We're a small team, early in the journey. The core architecture is in place and proving itself, but there's plenty left to shape. You'll have real ownership over both what you build and how it evolves. We're based in Stockholm and work hybrid.
Role Overview
This role owns the AI layer end-to-end: how LLMs are prompted, orchestrated, and evaluated, and how documents are ingested, understood, and retrieved. The core architecture is in place and proving itself; there's real influence over where it goes next.
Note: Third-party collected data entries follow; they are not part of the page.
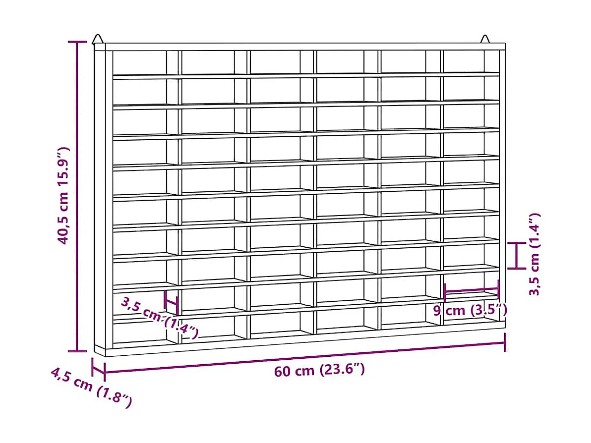 Sammlungsvitrine aus Holz mit 60 Fächern
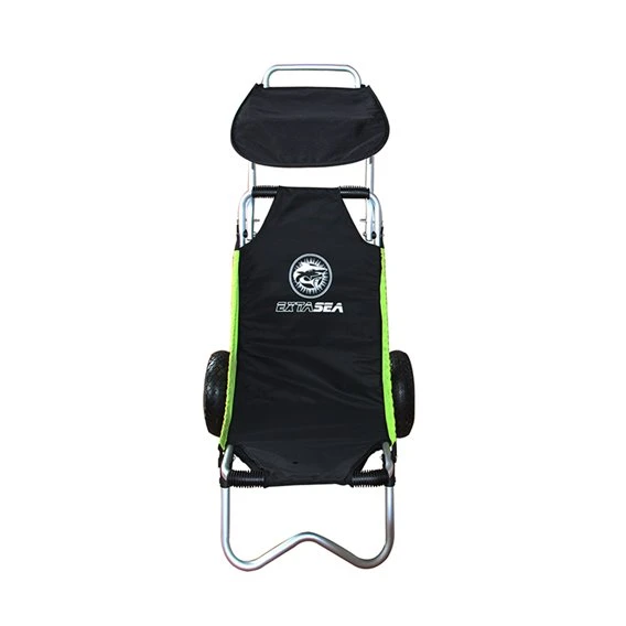 Take it easy! Mit diesem Gefährt können aufblasbares Kajak, SUP, Kühlbox oder andere Packstücke bequem ans Ziel gebracht werden. Für die kleine Verschnaufpause zwischendurch kannst du den Transportwagen zum Sitz mit Sonnendach umfunktionieren. Das nichtrostende Aluminium-Gestänge ist leicht aber überraschend stabil. Die Räder lassen dich auch unterwegs nicht am Weg stehen und kämpfen sich auch durch sandigen Untergrund ihren Weg.
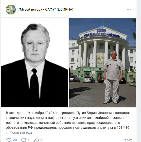 19 октября сообщество «Музей истории САФУ» разместило пост, посвященный преподавателю АЛТИ-АГТУ Борису Ивановичу Пугину, воспоминаниями о котором, точнее, о связанных с ним событиях я давно хотел поделиться. Что сегодня и делаю: ![]() Год назад в сообщении Уточнение к объявлению" я рассказал, по какоЙ причине мне, второкурснику, в сентябре 1975 года довелось участвовать в перевозке мебели и оборудования деканата нашего факультета и ряда кафедр из главного корпуса АЛТИ в новый, только что постро ... Читать дальше »
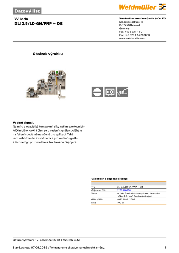 Zacisk siłownika / inicjatora Weidmüller 1783620000 śrubowe 100 szt.
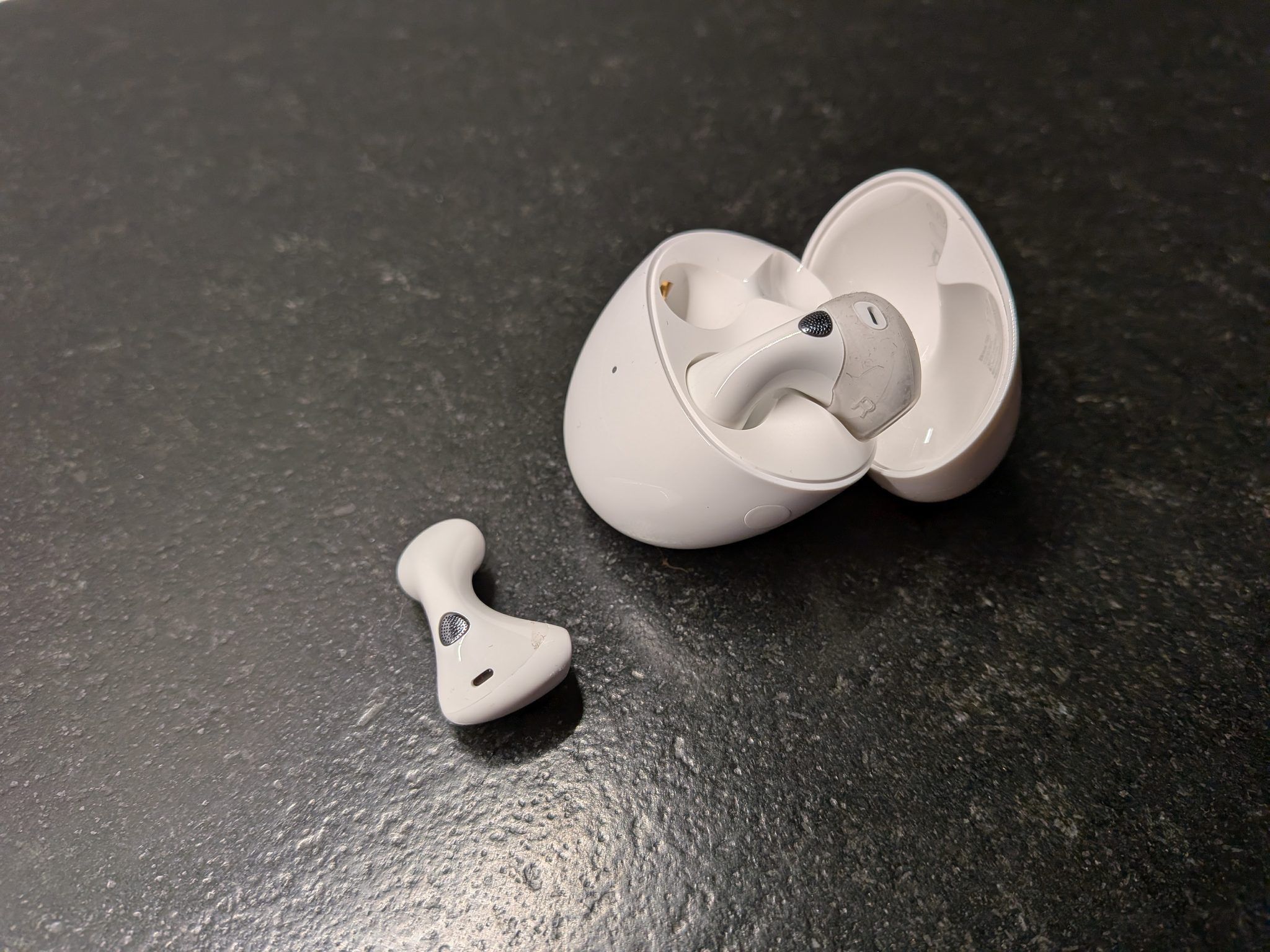 Zgodnie z deklaracjami producenta, otrzymujemy klasyczny czas pracy, sięgający 6 godzin bez ANC i 4,5 godziny z włączoną redukcją hałasu. Nie są to złe wartości, stanowią też poprawę względem poprzedniego modelu, choć chcąc słuchać muzyki przez cały dzień pracy konieczne będzie zrobienie przerwy gdzieś w środku. Na szczęście mamy dość szybkie ładowanie – 5 minut ma wystarczyć na nawet 2,5 godziny dalszego słuchania, więc krótka przerwa na kawę bez muzyki powinna rozwiązać sprawę.
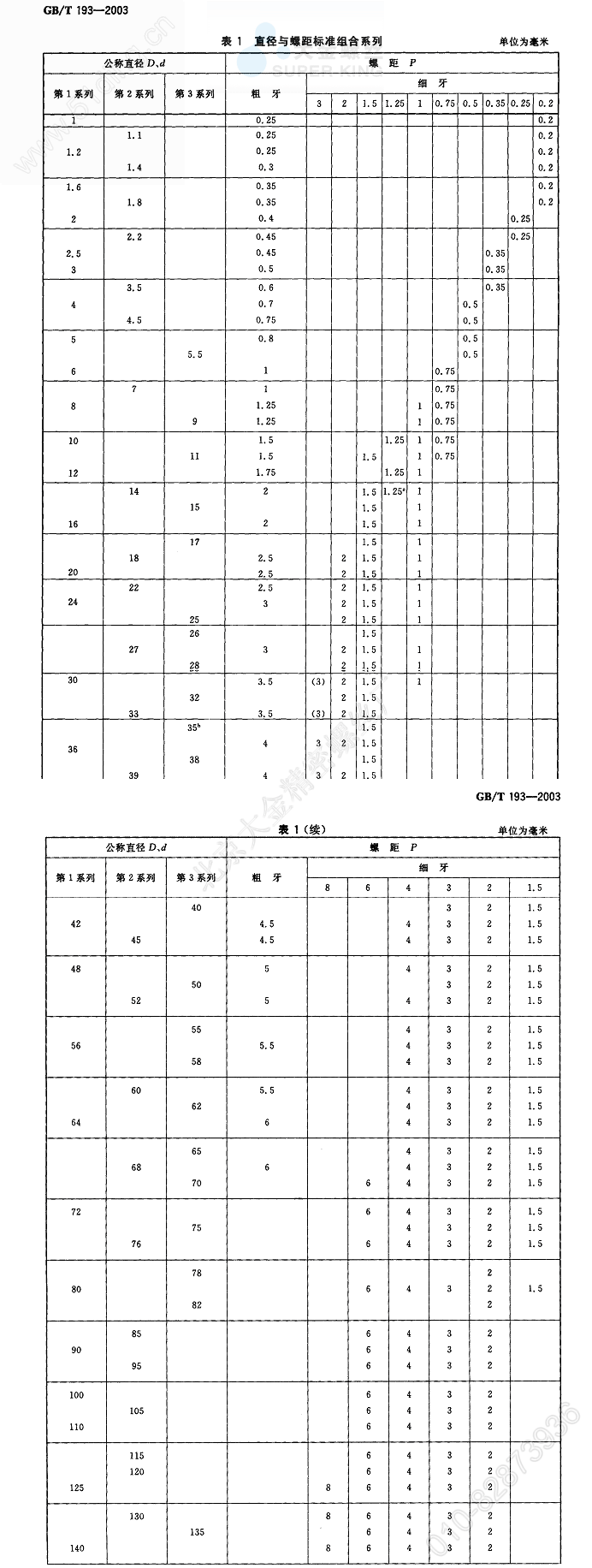 — GBT 193-2003 普通螺纹 直径与螺距系列;

We're looking for a strong mid-level to senior engineer who has built LLM-powered systems that real users depend on (not just prototypes) and who wants meaningful ownership from early on. You'll work closely with the backend team. You don't need a background in GRC, but you need to be genuinely curious about the problem.
What You'll Work On
- Owning LLM prompt design, orchestration, and evaluation across our Azure AI Foundry deployments (Claude and GPT family): questioning what exists, improving what matters, proposing what's next
- Driving retrieval quality across the full RAG pipeline: chunking, embedding, indexing (Milvus / HNSW), and re-ranking, with eval sets that prove a change is an improvement, not just a variation
- Building the eval and safety layer: hallucination detection, citation faithfulness, contradiction detection, and regression suites in CI — in a regulated domain, evaluation is a first-class engineering concern
- Extending and hardening the Celery-based document processing pipeline (extraction → graph): improving reliability, observability, and cost efficiency
- Shipping to production via AKS and Terraform, instrumenting what you build, and staying accountable after launch
- Challenging the architecture and ways of working when you see a better approach, and making the case
What We're Looking For
- 5+ years of software engineering experience, with at least 2 years building LLM-powered systems in production
- Strong Python; comfort in a typed, tested codebase (we use mypy --strict, ruff, and pytest)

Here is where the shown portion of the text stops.